● Information shown

· · · · · · ·

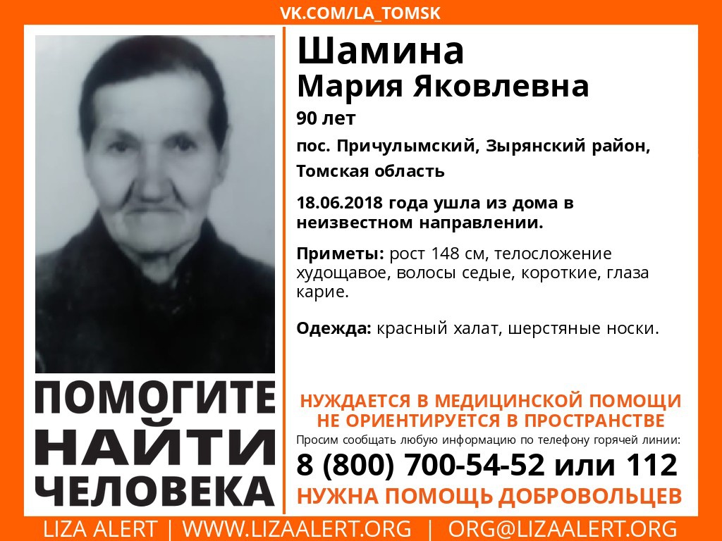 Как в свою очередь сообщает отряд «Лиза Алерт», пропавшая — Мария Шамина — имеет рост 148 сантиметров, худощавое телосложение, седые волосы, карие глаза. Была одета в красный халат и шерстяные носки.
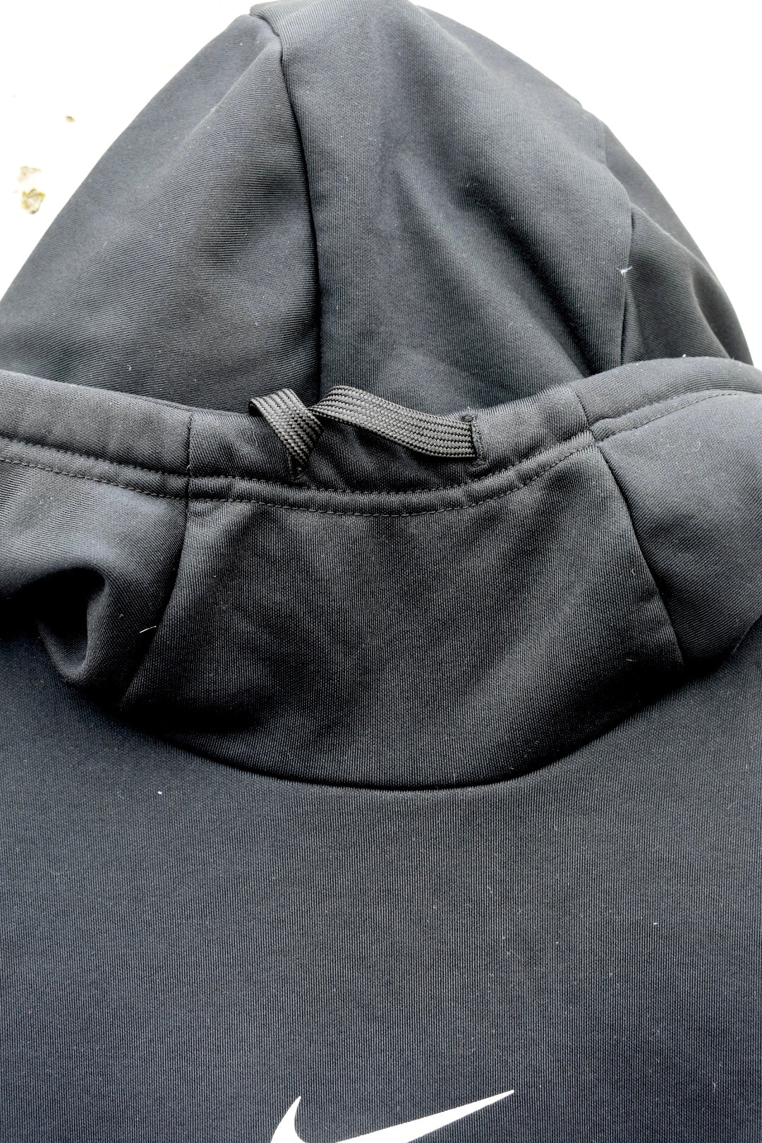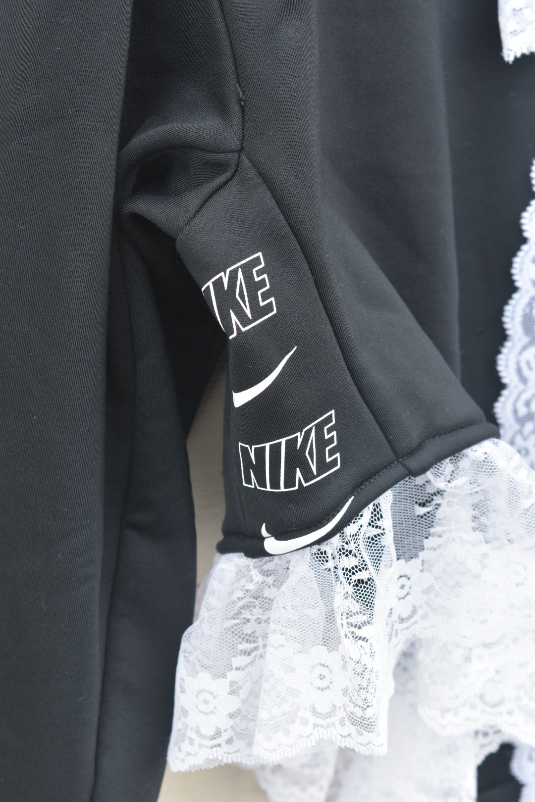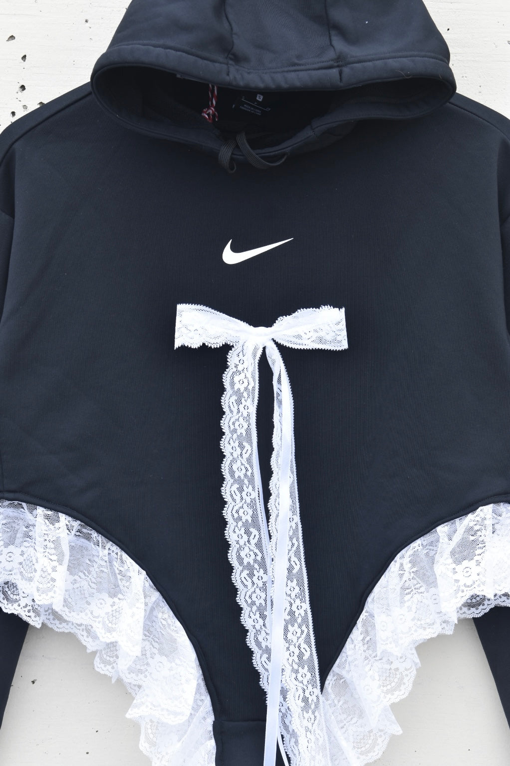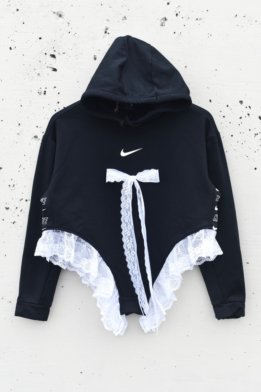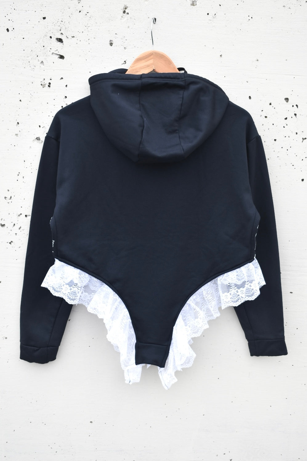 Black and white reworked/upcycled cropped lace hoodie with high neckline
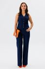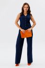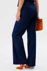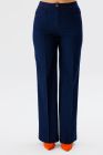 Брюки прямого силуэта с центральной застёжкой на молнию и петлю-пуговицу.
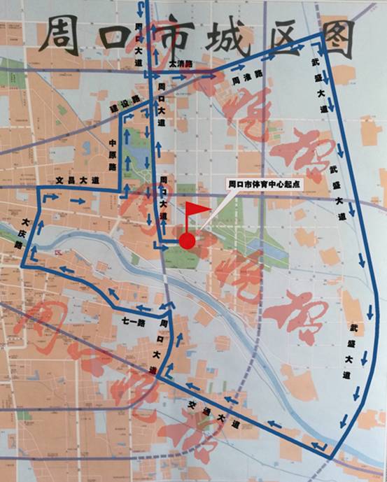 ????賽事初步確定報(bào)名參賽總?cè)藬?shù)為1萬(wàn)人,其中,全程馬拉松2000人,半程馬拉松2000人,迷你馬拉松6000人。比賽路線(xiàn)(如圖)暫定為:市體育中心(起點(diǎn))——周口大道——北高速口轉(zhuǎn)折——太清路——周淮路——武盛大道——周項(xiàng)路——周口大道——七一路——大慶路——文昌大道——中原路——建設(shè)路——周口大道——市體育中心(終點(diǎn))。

· · · · · · ·

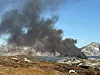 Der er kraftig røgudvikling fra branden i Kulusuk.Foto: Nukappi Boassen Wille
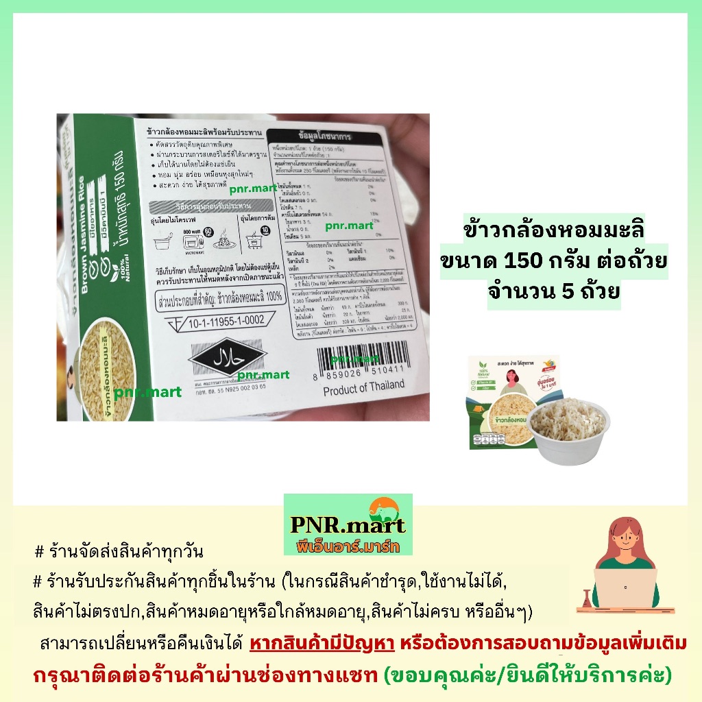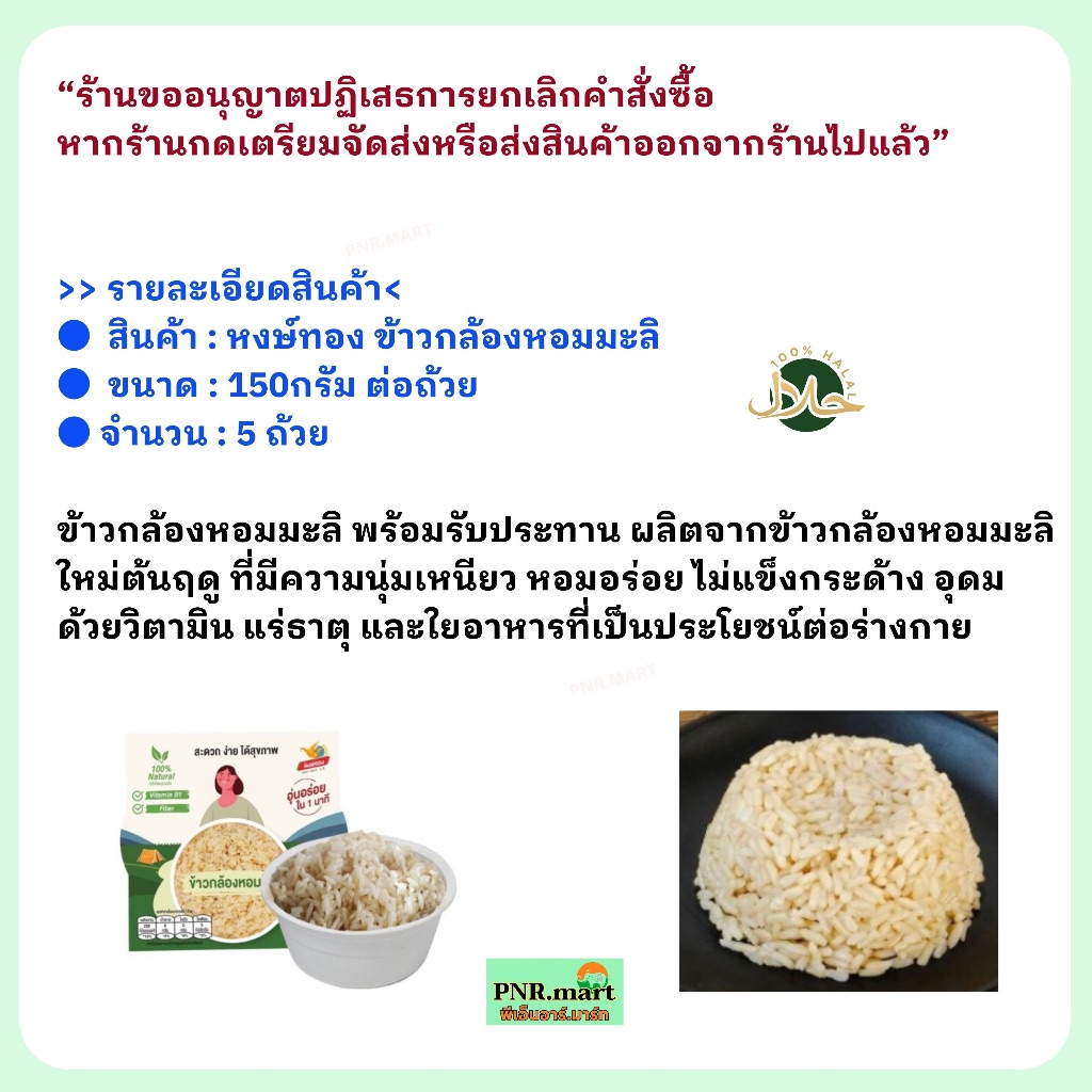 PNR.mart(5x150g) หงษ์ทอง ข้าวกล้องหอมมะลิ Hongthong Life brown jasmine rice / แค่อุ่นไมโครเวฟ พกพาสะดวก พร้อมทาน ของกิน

· · · · · · ·

Looking above, find the stretch of lines that opens with the one holding "Black and white" and closes with the one holding "Брюки прямого силуэта". Copy it exactly, pictures excluded.

● Answer to the problem
 Black and white reworked/upcycled cropped lace hoodie with high neckline
 Брюки прямого силуэта с центральной застёжкой на молнию и петлю-пуговицу.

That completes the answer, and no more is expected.